The invention provides a video emotion analysis system based on multiple modes, which relates to the field of electric digital data processing and comprises an audio and video acquisition module, an expression recognition module, a voice analysis module and an emotion comprehensive analysis module, wherein the audio and video acquisition module is used for acquiring facial video information and voice information of a user, the expression recognition module is used for analyzing and processing the facial video information, the voice analysis module is used for analyzing and processing the voice information, and the emotion comprehensive analysis module is used for processing and obtaining emotion information of the user based on a video analysis result and a voice analysis result; the system performs cut-in analysis from two modes of video information and audio information, and fuses the two analysis results, so that more accurate emotion results can be obtained.

Description

Video emotion analysis system based on multiple modes

Technical Field

The invention relates to the field of electric digital data processing, in particular to a video emotion analysis system based on multiple modes.

Background

With the development of artificial intelligence, more and more application products for emotion communication are generated, and the application premise of the products is that the emotion states of users can be accurately mastered, and in the existing emotion analysis system, a single mode is often adopted for analysis, or the results of various modes are combined in a plurality of modes but only in a simple way, so that a multi-mode system is required to accurately analyze the emotion of the users.

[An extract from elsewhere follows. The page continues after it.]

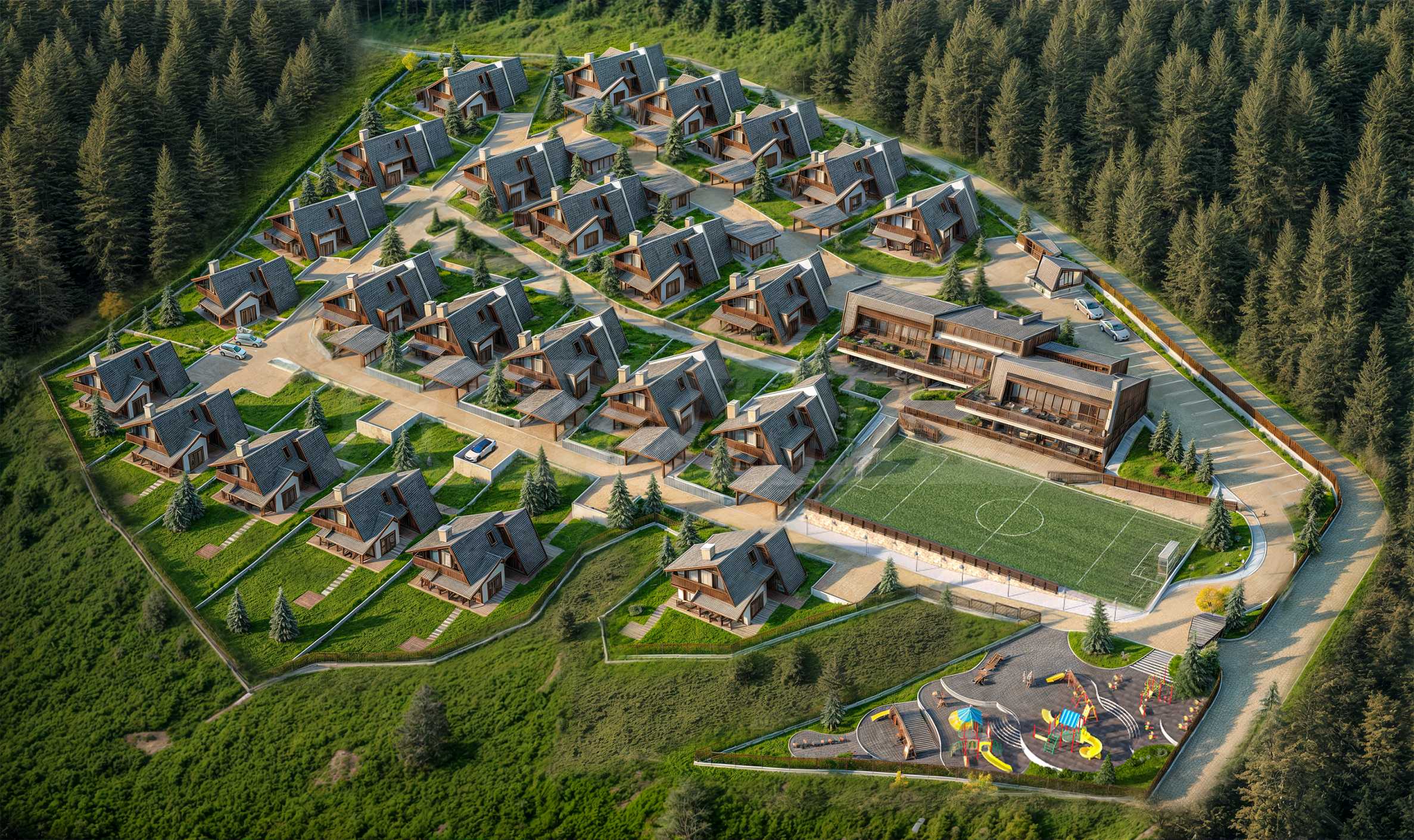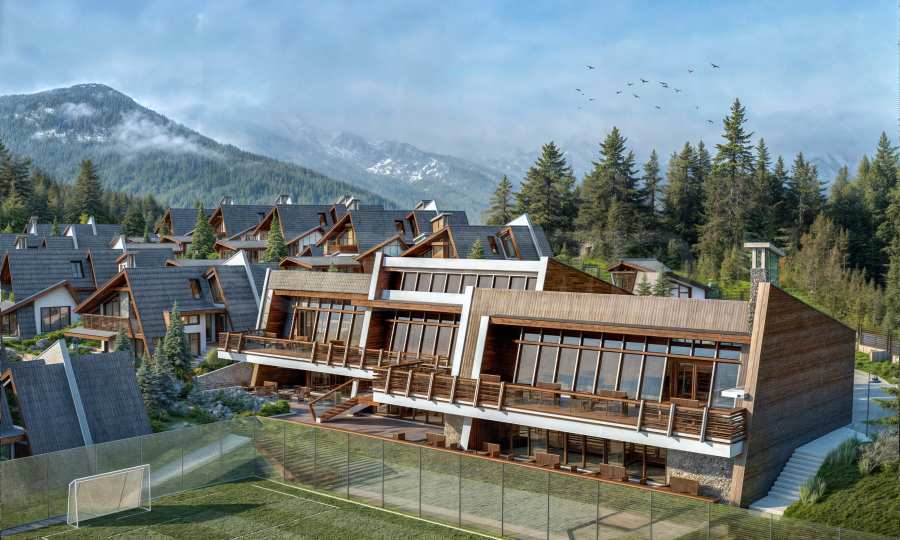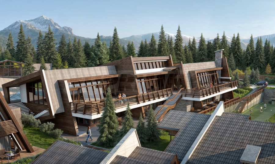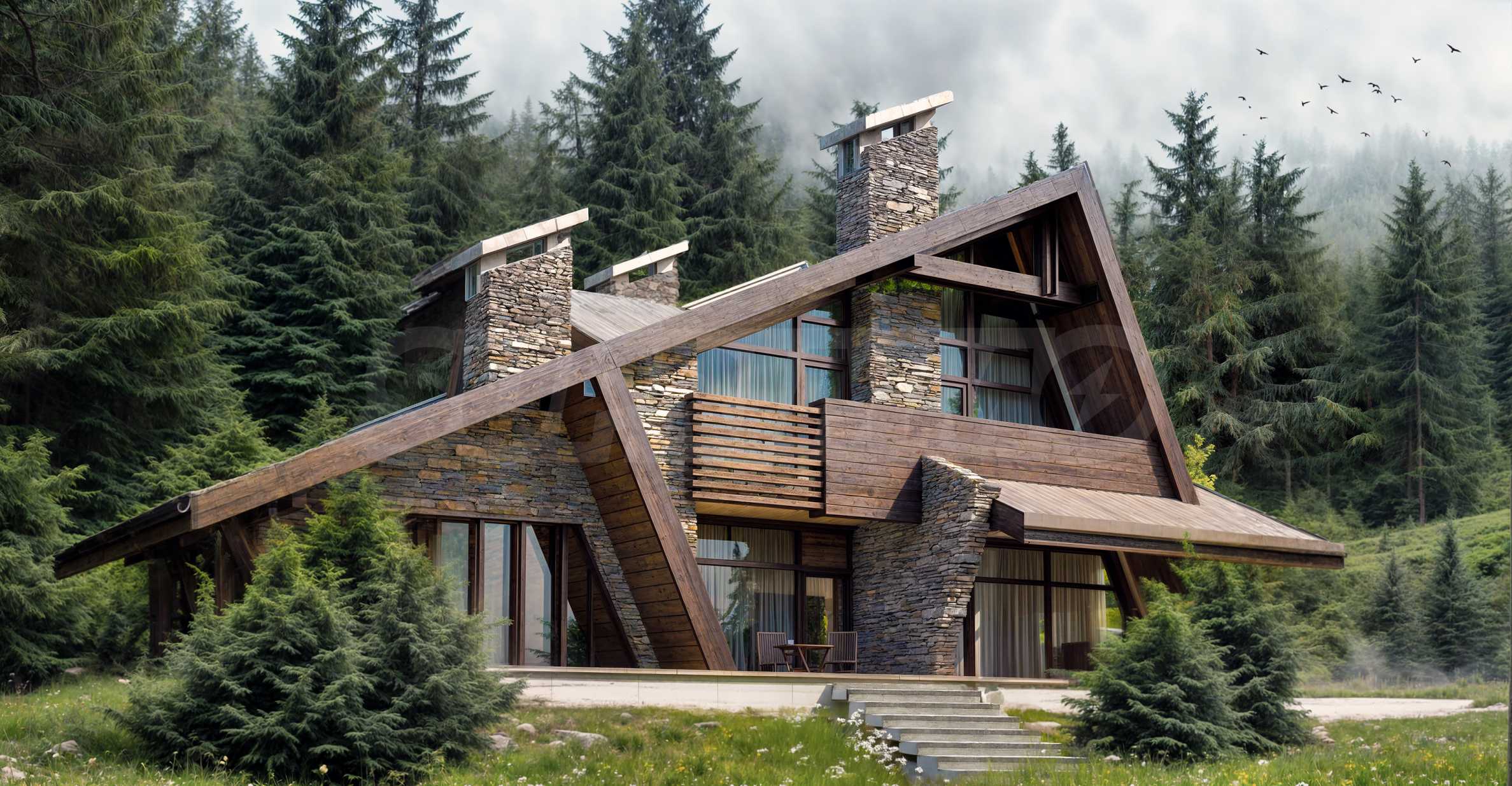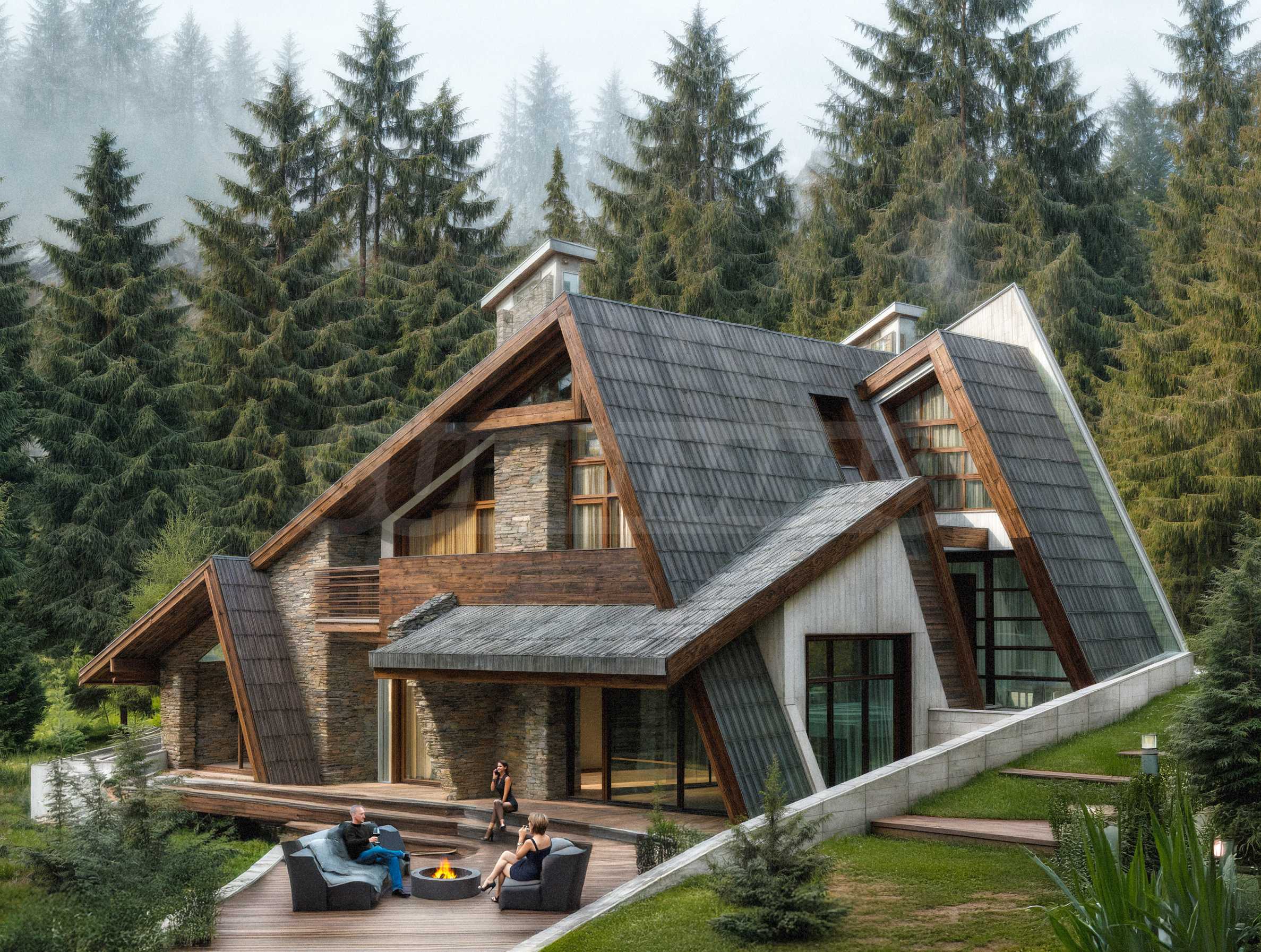 Imponujące domy zaprojektowano w nowoczesnym stylu alpejskim, łączącym tradycyjne elementy z nowoczesnymi rozwiązaniami architektonicznymi. Wyróżniają się spadzistymi dachami, wykorzystaniem naturalnych materiałów, takich jak drewno i kamień, a także dużymi przeszkleniami, które tworzą więź z naturą. Projekt jest dynamiczny i niekonwencjonalny, z asymetrycznymi liniami i oryginalnymi kątami, które nadają nowoczesny wygląd, zachowując jednocześnie poczucie przytulności i ciepła. Architektura domów idealnie wpisuje się w górskie środowisko, oferując komfort, estetykę i funkcjonalność w jednym.

The foregoing discussion of the background art is intended to facilitate an understanding of the present invention only. This discussion is not an admission or admission that any of the material referred to was common general knowledge.

A number of emotion analysis systems have been developed and found, through extensive searching and reference, to have a system as disclosed in publication No. CN111222464B, which generally includes: acquiring a physiological signal corresponding to a target user; wherein the physiological signal comprises an electroencephalogram signal and an electromyogram signal; acquiring facial image information corresponding to a target user; and respectively inputting the physiological signals and the facial image information into at least one pre-trained target classification model to obtain physiological signal recognition results and micro-expression recognition results corresponding to the target user, and determining emotion analysis results corresponding to the target user based on the physiological signal recognition results and the micro-expression recognition results. However, the system needs to acquire physiological signals, is more complex than acquiring audio and video information, cannot comprehensively analyze in a multi-mode, and is easy to judge emotion errors.

Disclosure of Invention

The invention aims to provide a video emotion analysis system based on multiple modes aiming at the defects.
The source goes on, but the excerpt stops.